291021 What every Car Owner Should Know 2 of 2 By Rachel Baker


By Rachel Baker

Reprinted with permission of the SPOKESMAN-REVIEW

Air filters

A vehicle has several filters. Cabin air filters help remove air pollutants from entering the cabin as it moves through the heating, ventilation and air conditioning (HVAC) system. Low air flow, whistling, loud operating or odorous air are signs that it needs to be changed.

Fuel filters are round filters housed in the fuel tank or in the fuel line that protect the fuel injectors lines from dirt, debris and other contaminants. Signs it needs to be replaced include erratic and poor engine performance and fuel efficiency, hard starting, rough idle, stalling and other fuel system failures.

The engine air filter removes bugs, debris, dirt, air pollutants, water and other substances from the air that is taken in by the engine. A clean filter improves overall performance and efficiency. Inspect it if you notice lower than usual horsepower, black smoke from the exhaust pipe or a detectable gas odor when starting the engine.

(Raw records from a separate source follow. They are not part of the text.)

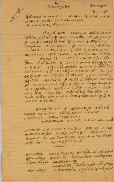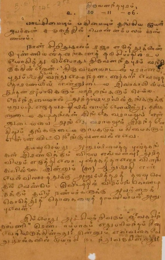 சொற்பொழிவு ஆற்றுவதற்கான அழைப்புக் கடிதம் ஆகஸ்டு 22, 1910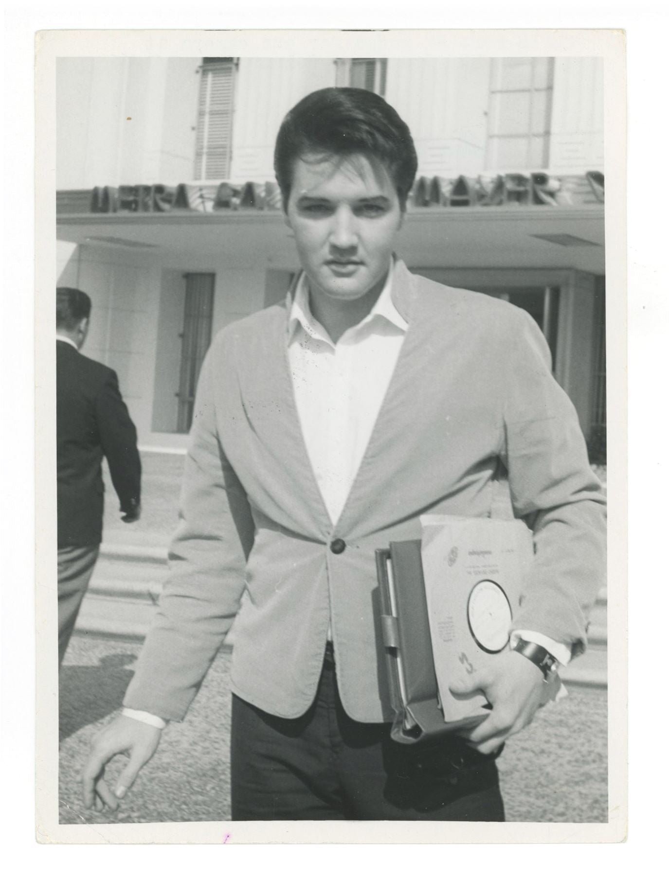 Fantastic original black and white candid photograph of a Young Elvis taken outside MGM Studios in Culver City on July 1, 1966. Presley is seen casually dressed, holding a record and paperwork. The reverse bears the original stamp from Toller’s, Sioux City, IA, dated July 18, 1966, along with the typed caption: “Elvis Presley poses for our camera at MGM Studios – Culver City 7/1/66.” 5 x 7 inches. Fine.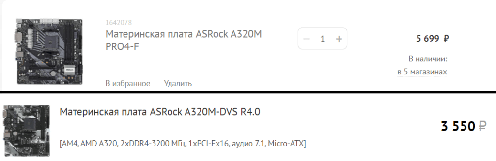 Материнка ASRock A320M PRO4-F (2 слота PCI-E x16 под 2 видеокарты, 4 слота под планки ОЗУ): 5700 р. в DNS. Можно взять самую простую материнку под АМ4 за 3500 р. (но в нее влезет 2 планки оперативки и 1 видеокарта).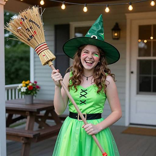 teenage female, Hourglass shaped, Curly Lob, halloween outfit, witchy green velvet dress with crescent moon accessories, pointed black hat with silver trim, Mystical forest ambiance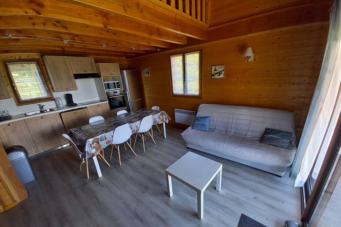 Comprenant une cuisine équipéee, 2 chambres de 2 personnes avec lit de 140 cm, une grande mezzanine, avec 2 lits de 90 cm, une grande salle de bain et un salon avec un clic-clac.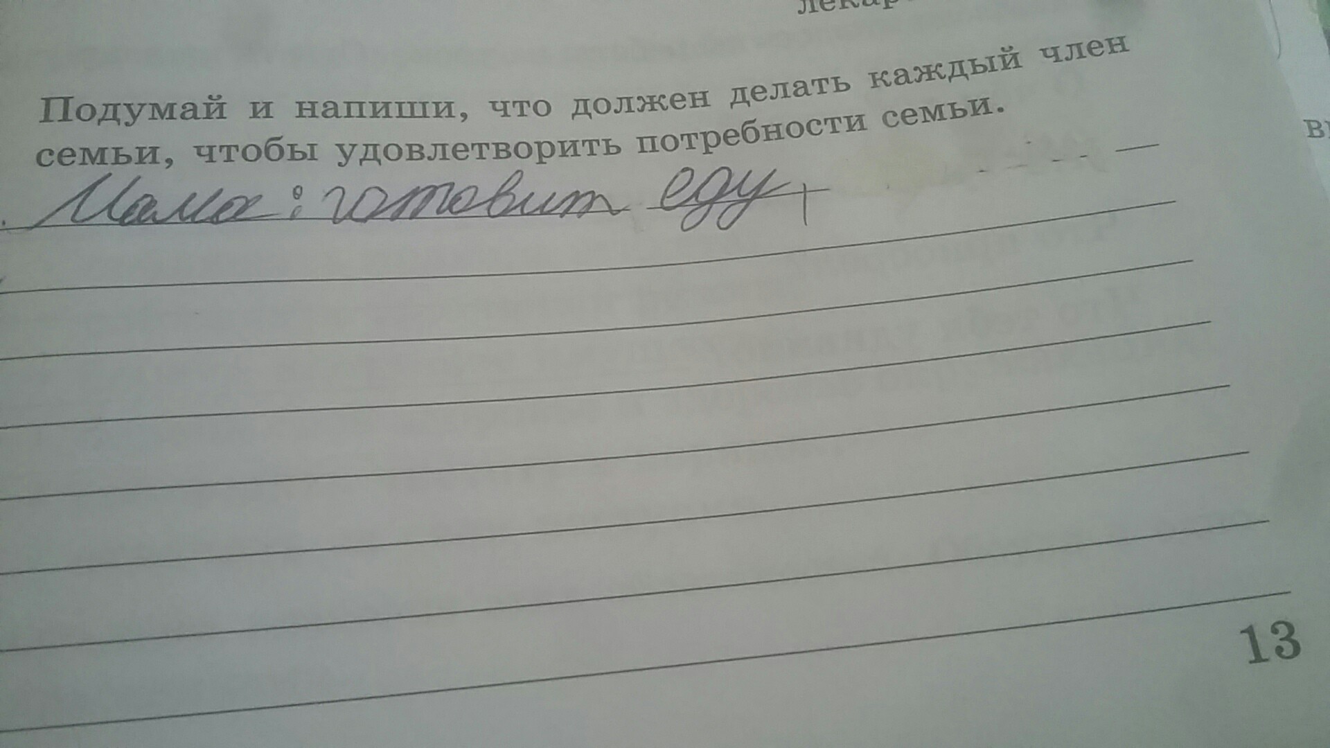 Папа-работать покупать еду,помогать убираться маме и Маше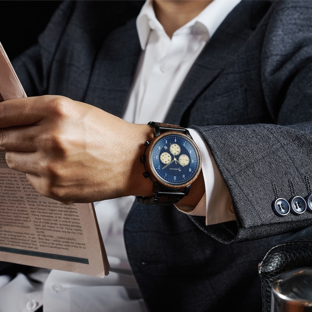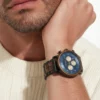 Son cadran en bois de noyer est sublimé par un fond bleu métallisé évoquant les reflets de l’océan. Trois sous-cadrans beige métallisé, intégrés avec finesse, offrent les fonctions chronographe. Les chiffres index et arabes assurent une lecture fluide. Le verre en cristal vient protéger l’ensemble avec brillance et résistance.

The oil filter protects the car’s oil from dirt and debris. It’s generally advised to change it every time you change the oil. Overheating, decline in performance, decreased oil pressure and dirty exhaust fumes can all be signs it is overdue.

Vehicle fluids

Cars typically use nine fluids. You’re familiar with gas and oil. Coolant, also called antifreeze, regulates the engine temperature. Transmission fluid lubricates the transmission for smooth shifting. Power steering fluid is used to create hydraulic pressure to reduce the effort required to turn the wheel. Differential fluid lubricates the gears, allowing power to transfer from the transmission to the wheels. Brake fluid works to create hydraulic pressure and transfer and amplify braking force. And as you know, windshield wiper fluid keeps those pesky bugs and grime out of your line of sight.

As every manufacturer and mechanic will tell you, always refer to your owner’s manual and it will guide you through all the routine maintenance needed to ensure your car runs as well and as long as possible.

Checking your car’s motor oil is a relatively easy task. Traditional advice is to change the oil every 3,000 to 5,000 miles.